▶ [DIRECTIONS FOR THIS TASK]: Line by line, set down all the data below exactly, omitting any picture.

▶ [INFORMATION SHOWN]:
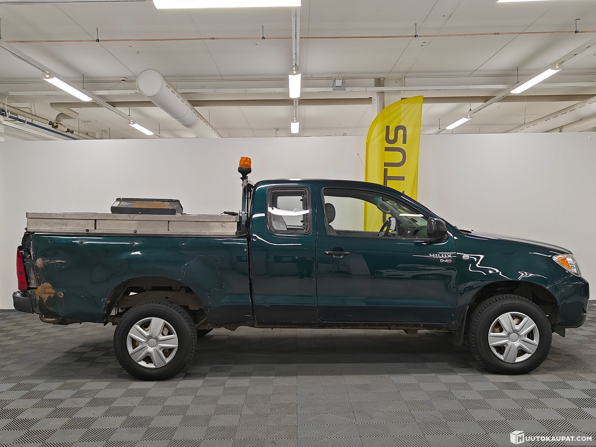 Auto on ollut työkäytössä, ja sen mukaiset käytön jäljet ovat selvästi näkyvissä. Tämä ei ole siistikuntoinen yksilö, vaan rehellinen ja kovaan käyttöön tehty Hilux, jossa paino on tekniikassa eikä kosmetiikassa. Tekniikaltaan auto tuntuu toimivan normaalisti ja on juuri huollettu.
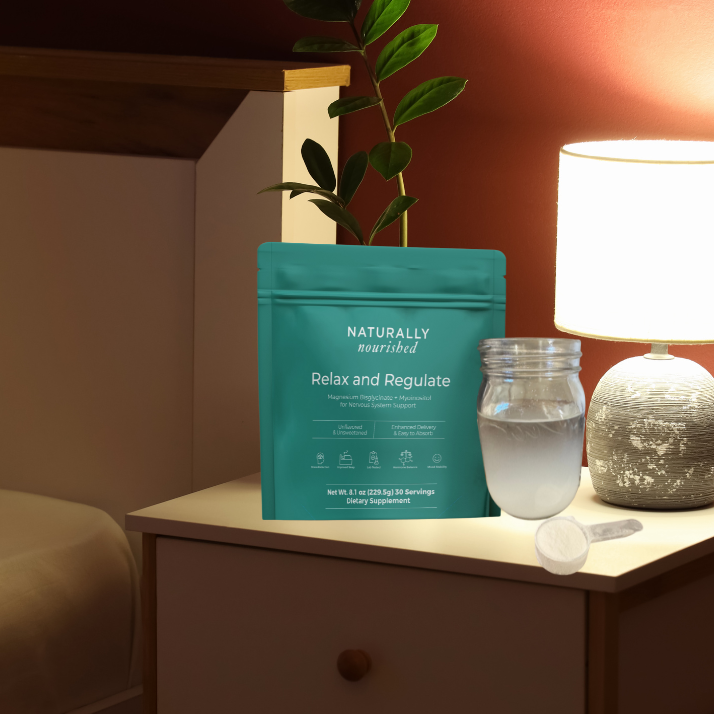 Relax and Regulate offers magnesium combined with an amino acid glycine, providing magnesium bis-glycinate. Glycine works to support neuromuscular relaxation and calming neurotransmitters in your brain, such as GABA, to mellow out your stress response and support balanced circadian rhythm.
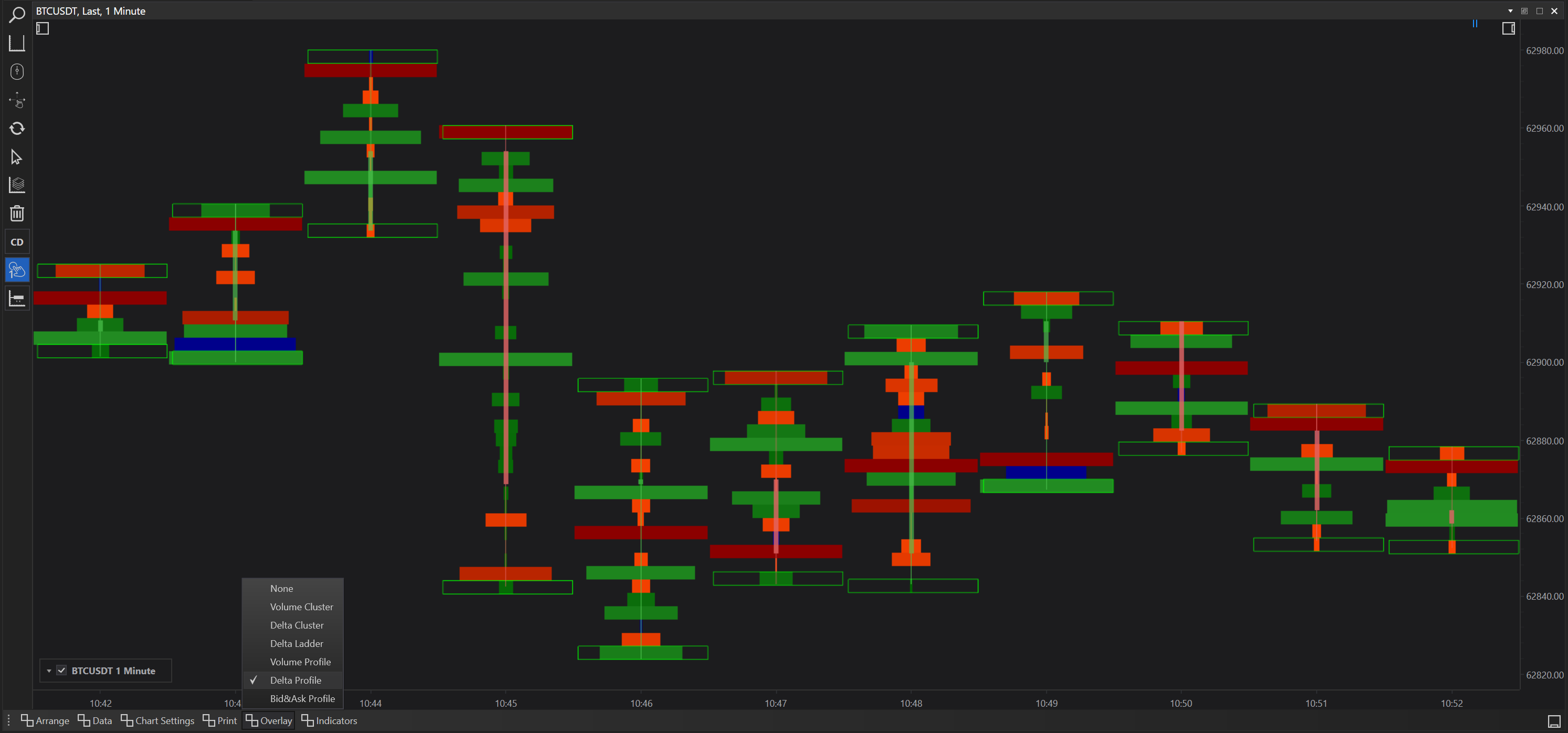 Strategic Decision Making: Different overlays can be used depending on the trading scenario. For example, during high volatility, a Delta Profile might be more insightful to determine the direction of market pressure, whereas, in a range-bound market, the Volume Profile could help identify consolidation zones.

▶ [EXERCISE RESULT]:
 Auto on ollut työkäytössä, ja sen mukaiset käytön jäljet ovat selvästi näkyvissä. Tämä ei ole siistikuntoinen yksilö, vaan rehellinen ja kovaan käyttöön tehty Hilux, jossa paino on tekniikassa eikä kosmetiikassa. Tekniikaltaan auto tuntuu toimivan normaalisti ja on juuri huollettu.
 Relax and Regulate offers magnesium combined with an amino acid glycine, providing magnesium bis-glycinate. Glycine works to support neuromuscular relaxation and calming neurotransmitters in your brain, such as GABA, to mellow out your stress response and support balanced circadian rhythm.
 Strategic Decision Making: Different overlays can be used depending on the trading scenario. For example, during high volatility, a Delta Profile might be more insightful to determine the direction of market pressure, whereas, in a range-bound market, the Volume Profile could help identify consolidation zones.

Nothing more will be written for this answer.